Start of Given data

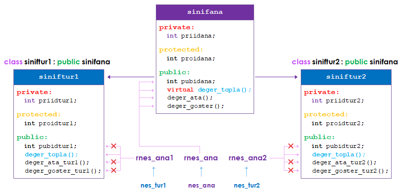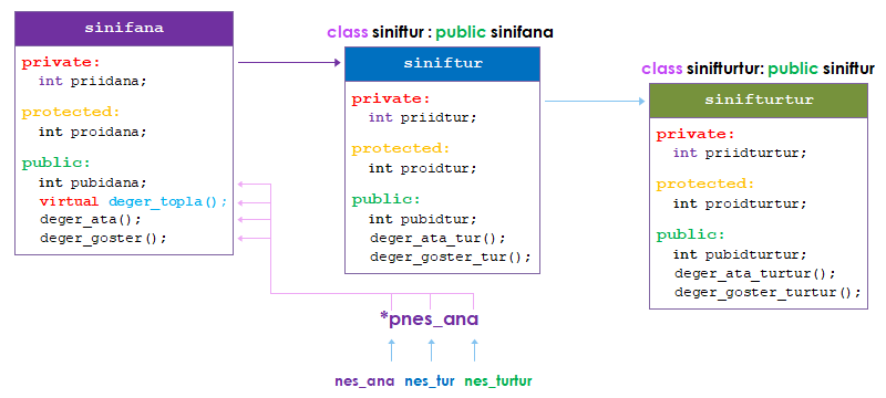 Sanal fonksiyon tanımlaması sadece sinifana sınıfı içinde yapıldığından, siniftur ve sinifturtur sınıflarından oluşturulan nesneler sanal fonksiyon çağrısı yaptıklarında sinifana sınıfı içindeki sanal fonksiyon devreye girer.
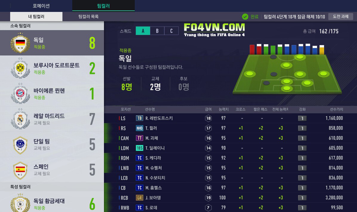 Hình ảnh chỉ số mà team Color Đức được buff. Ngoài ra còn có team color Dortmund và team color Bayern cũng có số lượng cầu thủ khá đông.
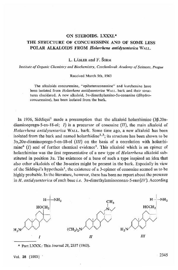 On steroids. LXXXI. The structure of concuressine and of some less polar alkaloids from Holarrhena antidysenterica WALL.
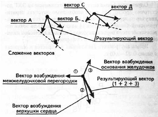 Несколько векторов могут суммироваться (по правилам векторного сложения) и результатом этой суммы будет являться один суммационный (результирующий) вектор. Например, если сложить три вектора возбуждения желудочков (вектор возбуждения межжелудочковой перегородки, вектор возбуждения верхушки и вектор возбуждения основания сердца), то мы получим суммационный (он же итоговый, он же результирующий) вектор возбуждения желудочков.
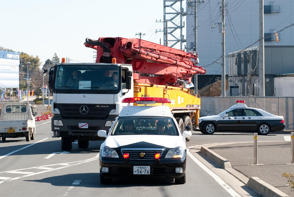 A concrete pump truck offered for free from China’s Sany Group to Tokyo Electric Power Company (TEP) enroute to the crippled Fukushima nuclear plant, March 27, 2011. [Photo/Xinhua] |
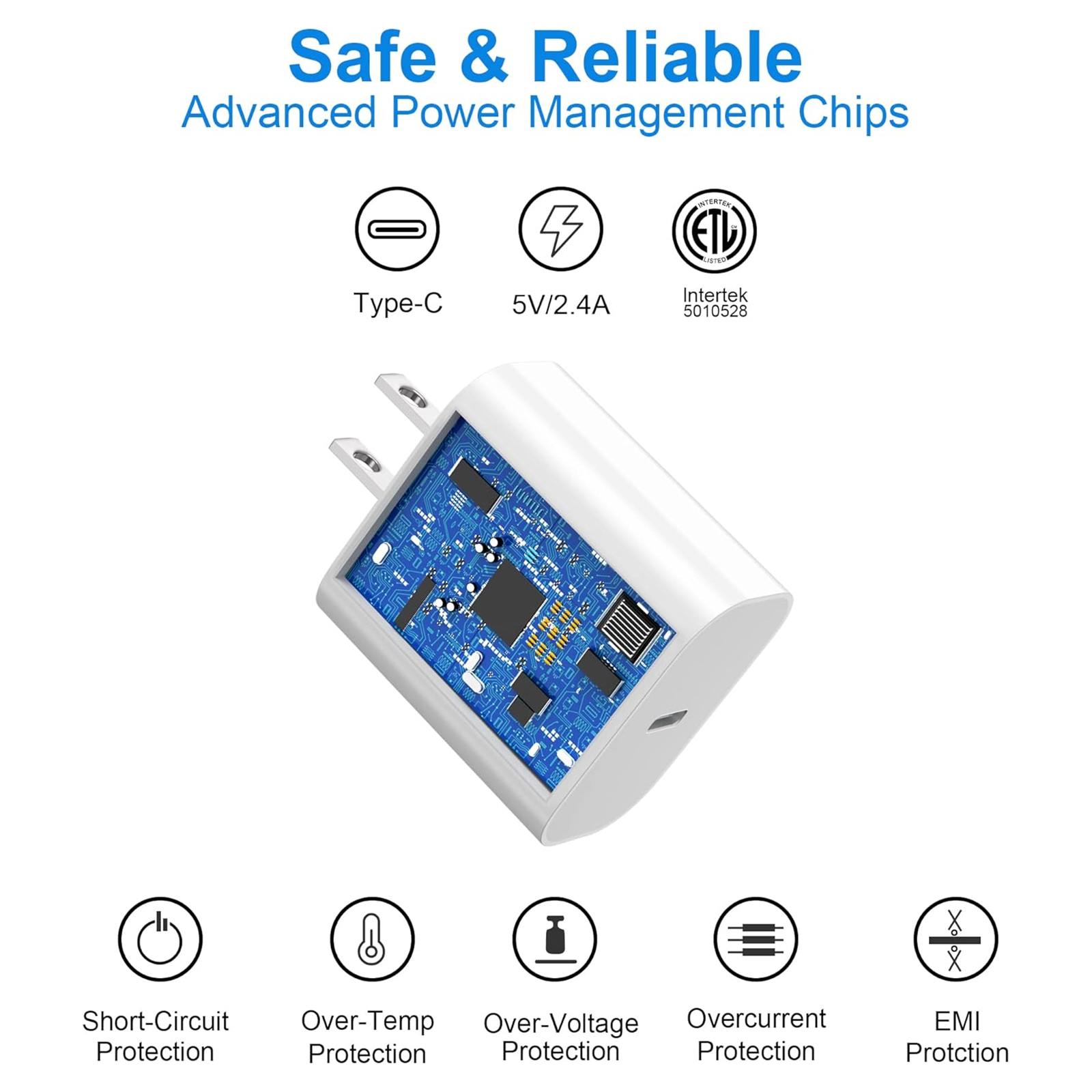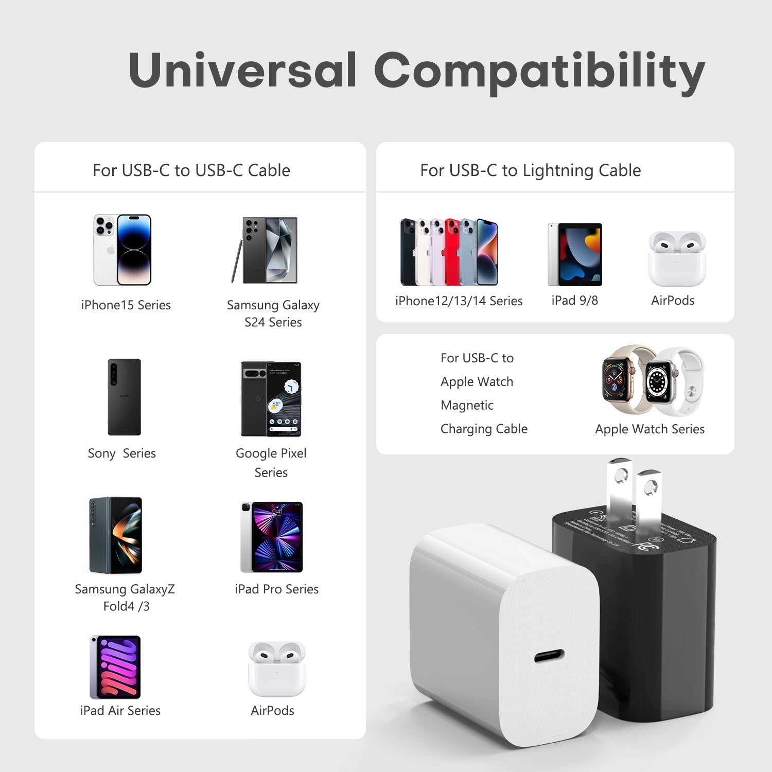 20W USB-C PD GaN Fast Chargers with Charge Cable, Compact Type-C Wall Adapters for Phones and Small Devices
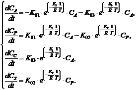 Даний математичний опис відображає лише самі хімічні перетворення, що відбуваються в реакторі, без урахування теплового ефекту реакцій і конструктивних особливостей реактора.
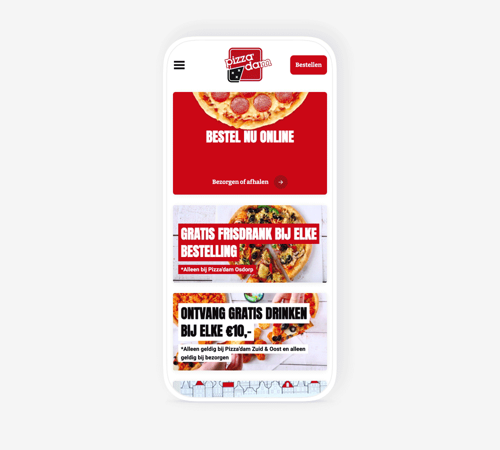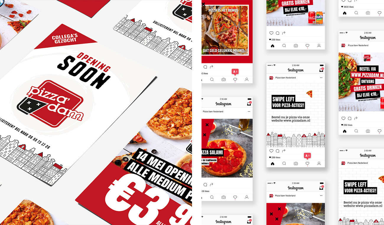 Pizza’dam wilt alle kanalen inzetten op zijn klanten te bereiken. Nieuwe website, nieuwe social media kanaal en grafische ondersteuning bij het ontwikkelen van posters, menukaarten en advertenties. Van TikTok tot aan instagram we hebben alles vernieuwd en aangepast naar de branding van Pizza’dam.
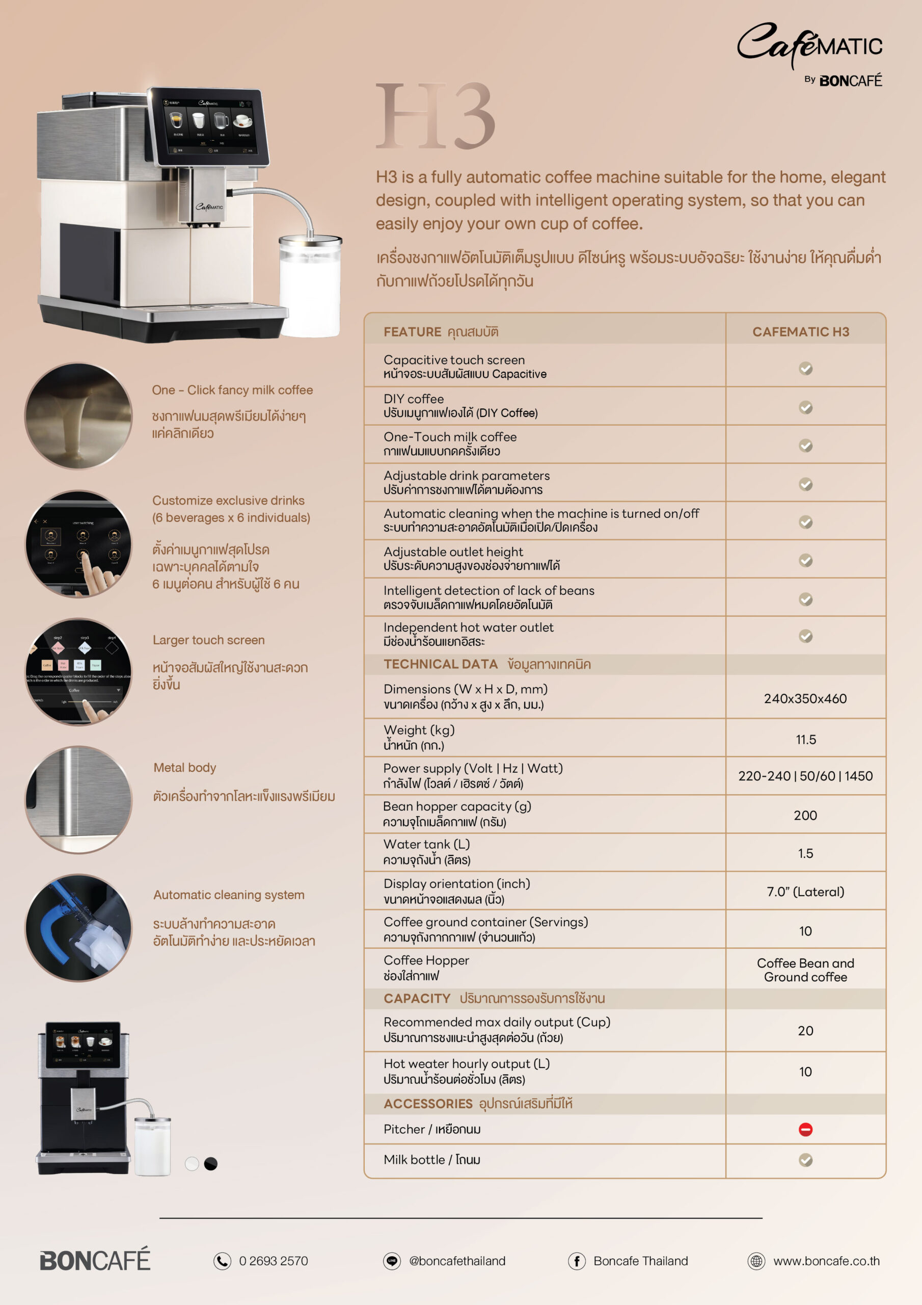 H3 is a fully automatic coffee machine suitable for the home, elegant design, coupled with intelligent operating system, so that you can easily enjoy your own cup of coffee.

End of Given data

(Brief)
Starting at the first line of the material above and ending with the line that contains "20W USB-C PD", reproduce every line exactly, and leave out the pictures.

(Output below)
 Sanal fonksiyon tanımlaması sadece sinifana sınıfı içinde yapıldığından, siniftur ve sinifturtur sınıflarından oluşturulan nesneler sanal fonksiyon çağrısı yaptıklarında sinifana sınıfı içindeki sanal fonksiyon devreye girer.
 Hình ảnh chỉ số mà team Color Đức được buff. Ngoài ra còn có team color Dortmund và team color Bayern cũng có số lượng cầu thủ khá đông.
 On steroids. LXXXI. The structure of concuressine and of some less polar alkaloids from Holarrhena antidysenterica WALL.
 Несколько векторов могут суммироваться (по правилам векторного сложения) и результатом этой суммы будет являться один суммационный (результирующий) вектор. Например, если сложить три вектора возбуждения желудочков (вектор возбуждения межжелудочковой перегородки, вектор возбуждения верхушки и вектор возбуждения основания сердца), то мы получим суммационный (он же итоговый, он же результирующий) вектор возбуждения желудочков.
 A concrete pump truck offered for free from China’s Sany Group to Tokyo Electric Power Company (TEP) enroute to the crippled Fukushima nuclear plant, March 27, 2011. [Photo/Xinhua] |
 20W USB-C PD GaN Fast Chargers with Charge Cable, Compact Type-C Wall Adapters for Phones and Small Devices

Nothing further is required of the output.